--- Instructions for the task ---
Give back, unaltered, the lines from the one with "Add a touch" to the end of the material, omitting pictures.

#### Given data ####

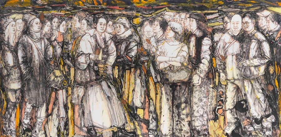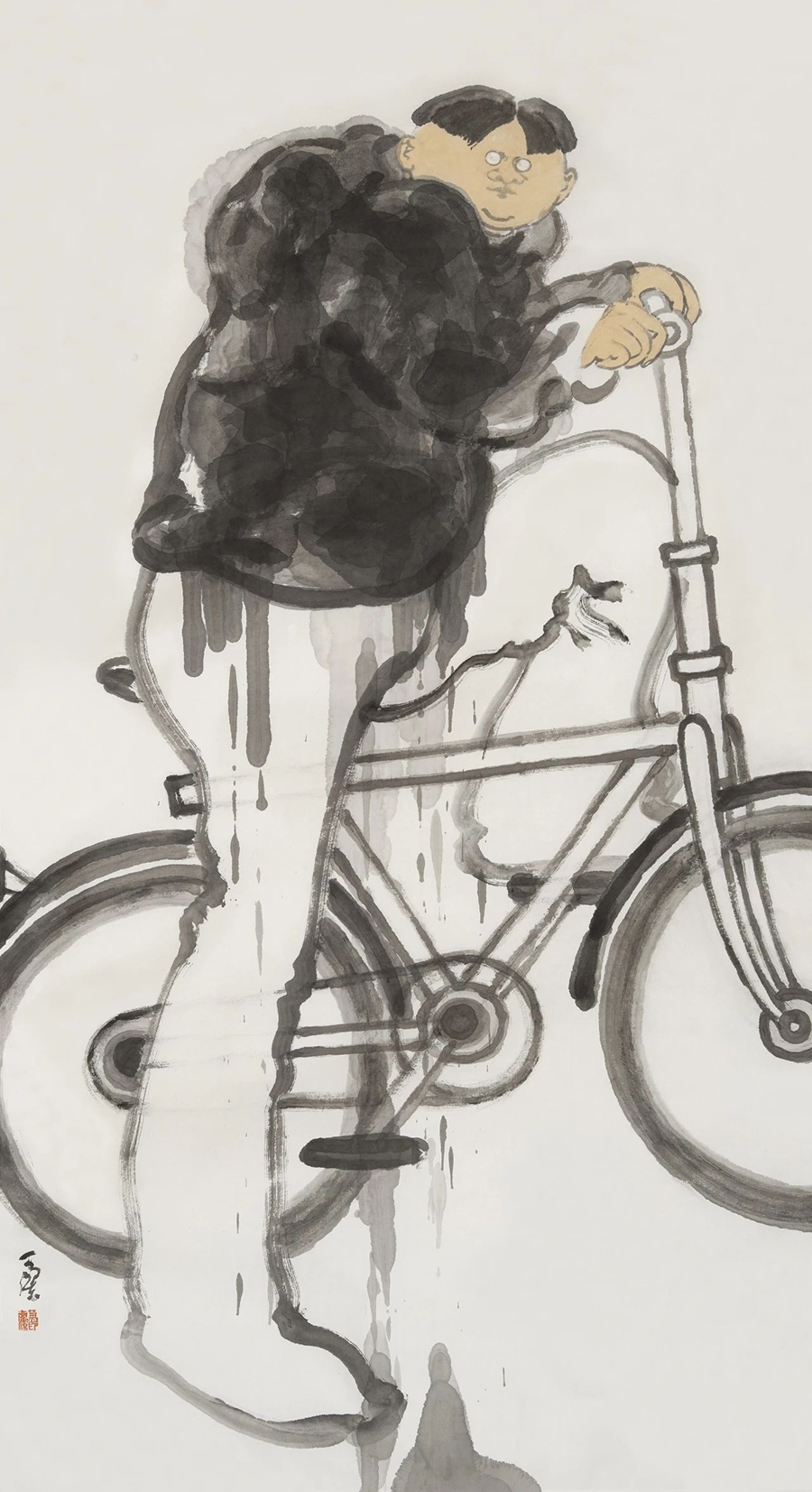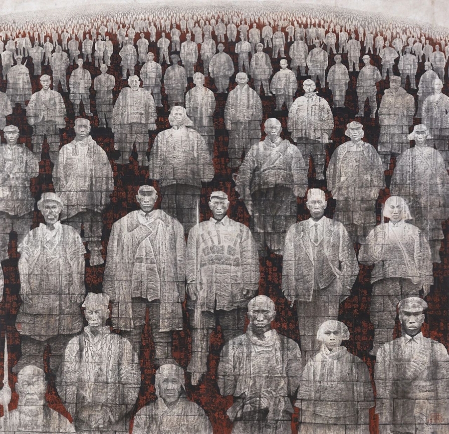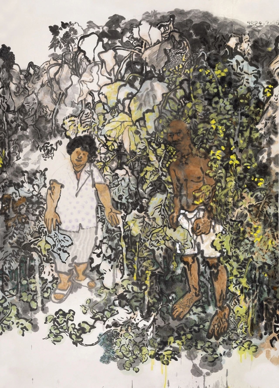 唐勇力于沉雄苍茫中构筑历史图景,其人物如从岁月深处行来,线条如古树虬根,墨色厚重如大地凝铸,那宏大叙事背后,是历史沧桑与生命坚韧的深长回响。田黎明则别开生面,将光色揉进水墨,他笔下的光斑如灵性跃动,人物轮廓于虚淡朦胧中若隐若现,流动的墨韵中照见生命本真,透出一种恬淡而神性的澄明。尉晓榕则执笔行走在文人意趣的幽径上,人物神态灵逸,笔触活泼又内敛,于诙谐与飘逸间自成格局,仿佛将古贤风致化入当代笑谈。张望则凝眸于都市众生,并照见人性温度,在传统程式与数字时代间,笔下呈现出疏离与孤独之态,他以敏锐之眼捕捉现代灵魂的语境,为传统水墨注入了冷峻的思考。刘西洁先生则以更为前卫的探索精神,大胆解构与重构水墨本体,其人物形貌奇崛而内蕴深刻,笔墨间奔涌着实验的锐气与哲学的沉思,为水墨注入了强劲的当代脉搏。
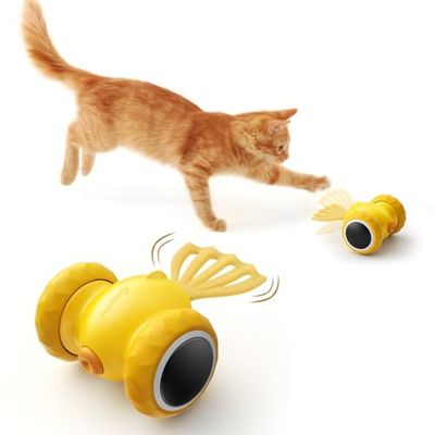 金魚をモチーフにした自動の猫用おもちゃです。光る尾びれで興味を引き付け、両側に付いた車輪で縦横無尽に動き回ります。リニューアルにより毛足の短い絨毯なら問題なく乗り越えられるようになり、髪の毛が絡みにくい車輪に改良されました。
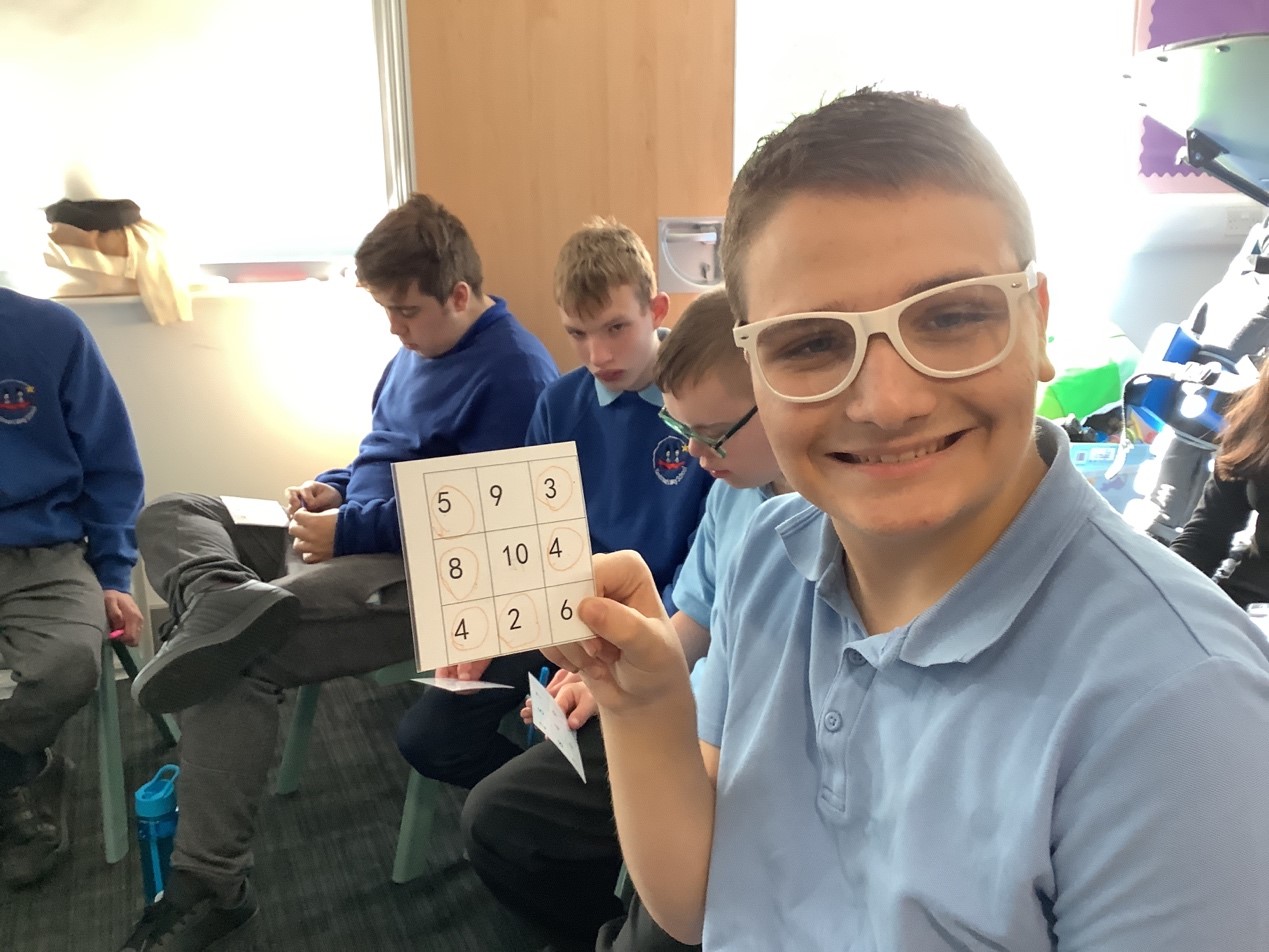 基尔曼斯路特殊教育学校学生向老师展示数字bingo卡牌
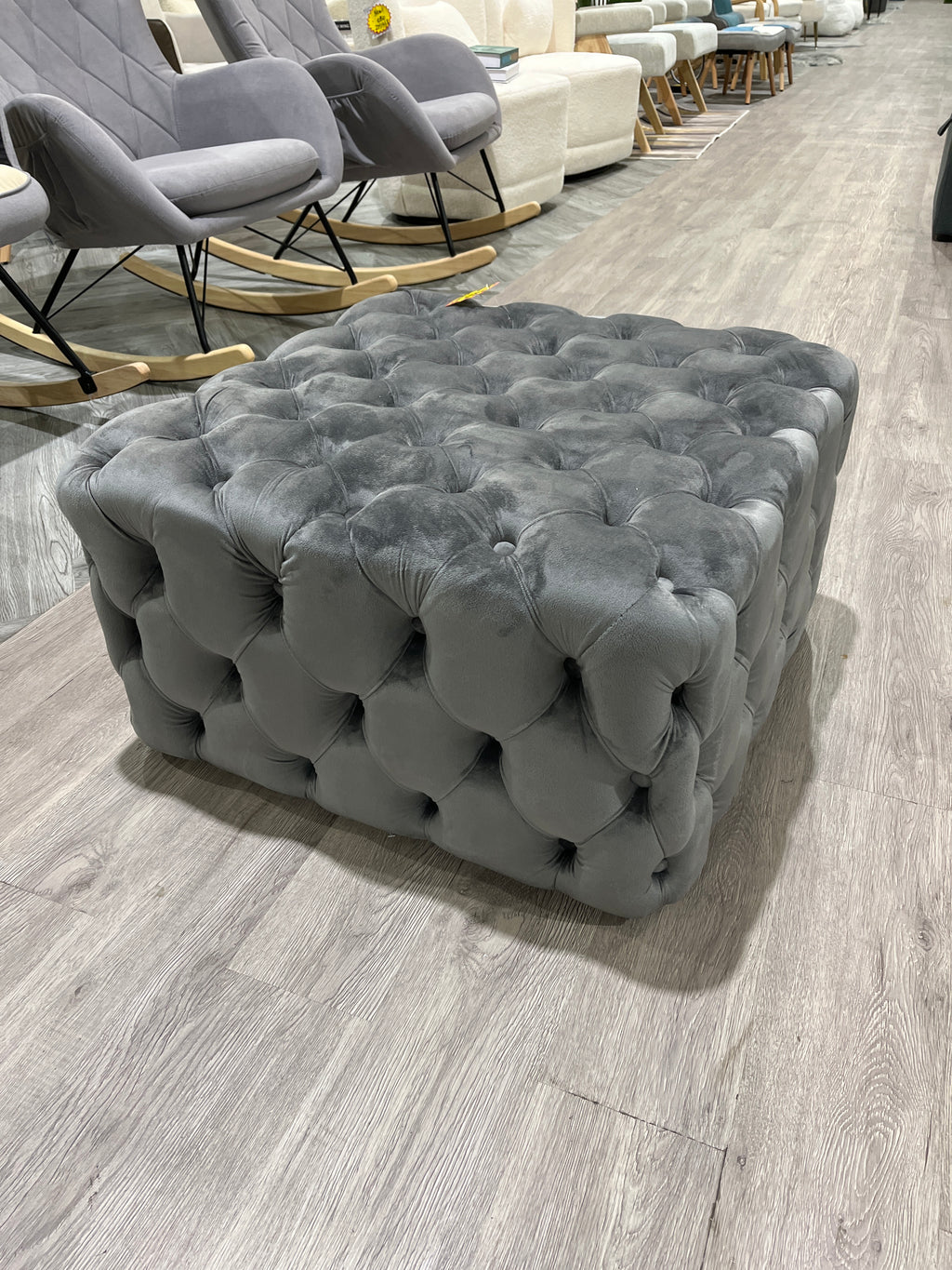 Add a touch of opulence to your home with this square footstool, featuring deep buttoning and luxurious velvet upholstery. Ideal for resting your legs while enjoying a good book or a cup of coffee, it also serves as a convenient spot for your glasses or scarf. This vintage-inspired pouffe enhances the charm of any space, and its incredibly soft velvet covering provides exceptional comfort.
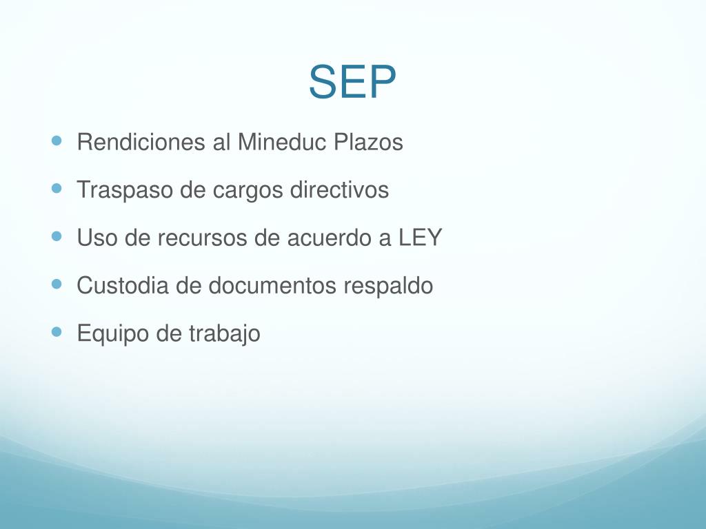 SEP • Rendiciones al Mineduc Plazos • Traspaso de cargos directivos • Uso de recursos de acuerdo a LEY • Custodia de documentos respaldo • Equipo de trabajo
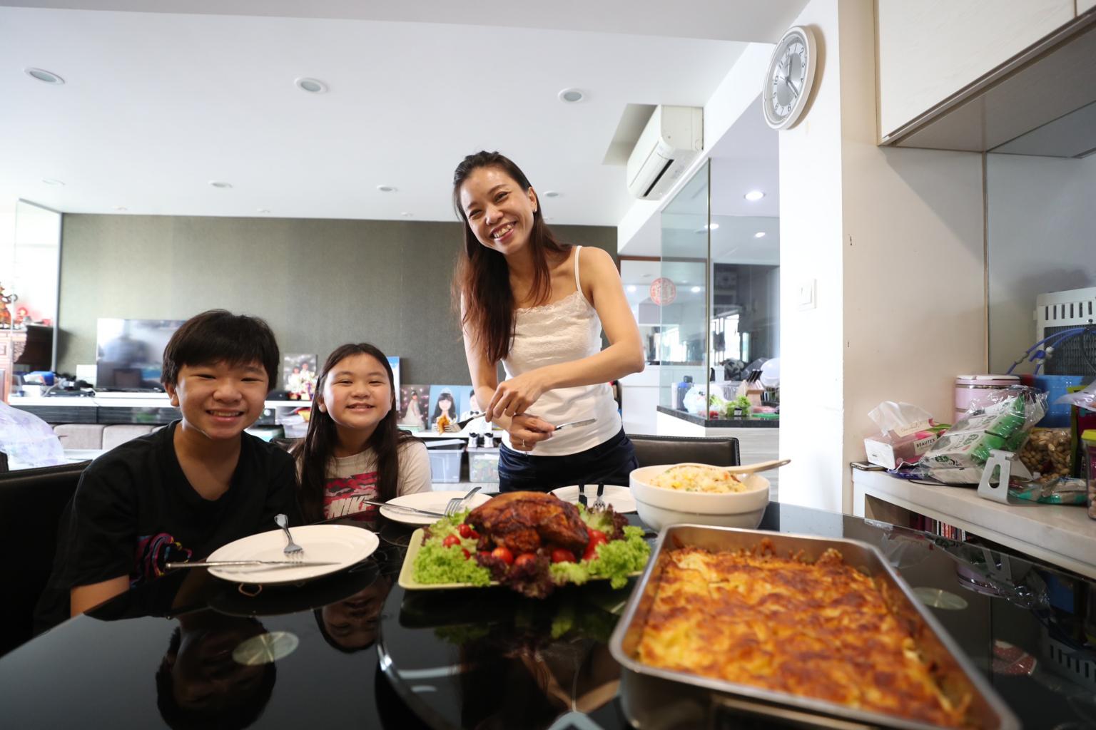 Katherine Chua is joined by her children Naomi and Karlsson Tan as she serves a meal of roasted chicken, potato gratin and shrimp fried rice.
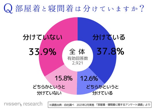 ・「部屋着と寝間着」を分けている派と分けていない派はちょうど半々。
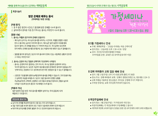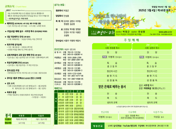 2025년 5월 4일 주보 페이지 정보 작성자 관리지기 작성일25-05-03 09:35 조회2,339회 댓글0건 관련링크 목록 본문 2025년 5월 4일 주보 댓글목록 등록된 댓글이 없습니다. 목록
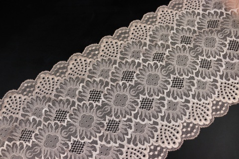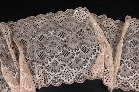 Wysokiej jakości elastyczna koronka w kolorze brzoskwiniowym o szerokości 20 cm to doskonały wybór dla pasjonatek szycia i twórczyń handmade. Świetnie sprawdzi się jako materiał do szycia bielizny, topów, sukienek, piżam, dodatków oraz ozdób DIY.

####

--- Written solution ---
 Add a touch of opulence to your home with this square footstool, featuring deep buttoning and luxurious velvet upholstery. Ideal for resting your legs while enjoying a good book or a cup of coffee, it also serves as a convenient spot for your glasses or scarf. This vintage-inspired pouffe enhances the charm of any space, and its incredibly soft velvet covering provides exceptional comfort.
 SEP • Rendiciones al Mineduc Plazos • Traspaso de cargos directivos • Uso de recursos de acuerdo a LEY • Custodia de documentos respaldo • Equipo de trabajo
 Katherine Chua is joined by her children Naomi and Karlsson Tan as she serves a meal of roasted chicken, potato gratin and shrimp fried rice.
 ・「部屋着と寝間着」を分けている派と分けていない派はちょうど半々。
 2025년 5월 4일 주보 페이지 정보 작성자 관리지기 작성일25-05-03 09:35 조회2,339회 댓글0건 관련링크 목록 본문 2025년 5월 4일 주보 댓글목록 등록된 댓글이 없습니다. 목록
 Wysokiej jakości elastyczna koronka w kolorze brzoskwiniowym o szerokości 20 cm to doskonały wybór dla pasjonatek szycia i twórczyń handmade. Świetnie sprawdzi się jako materiał do szycia bielizny, topów, sukienek, piżam, dodatków oraz ozdób DIY.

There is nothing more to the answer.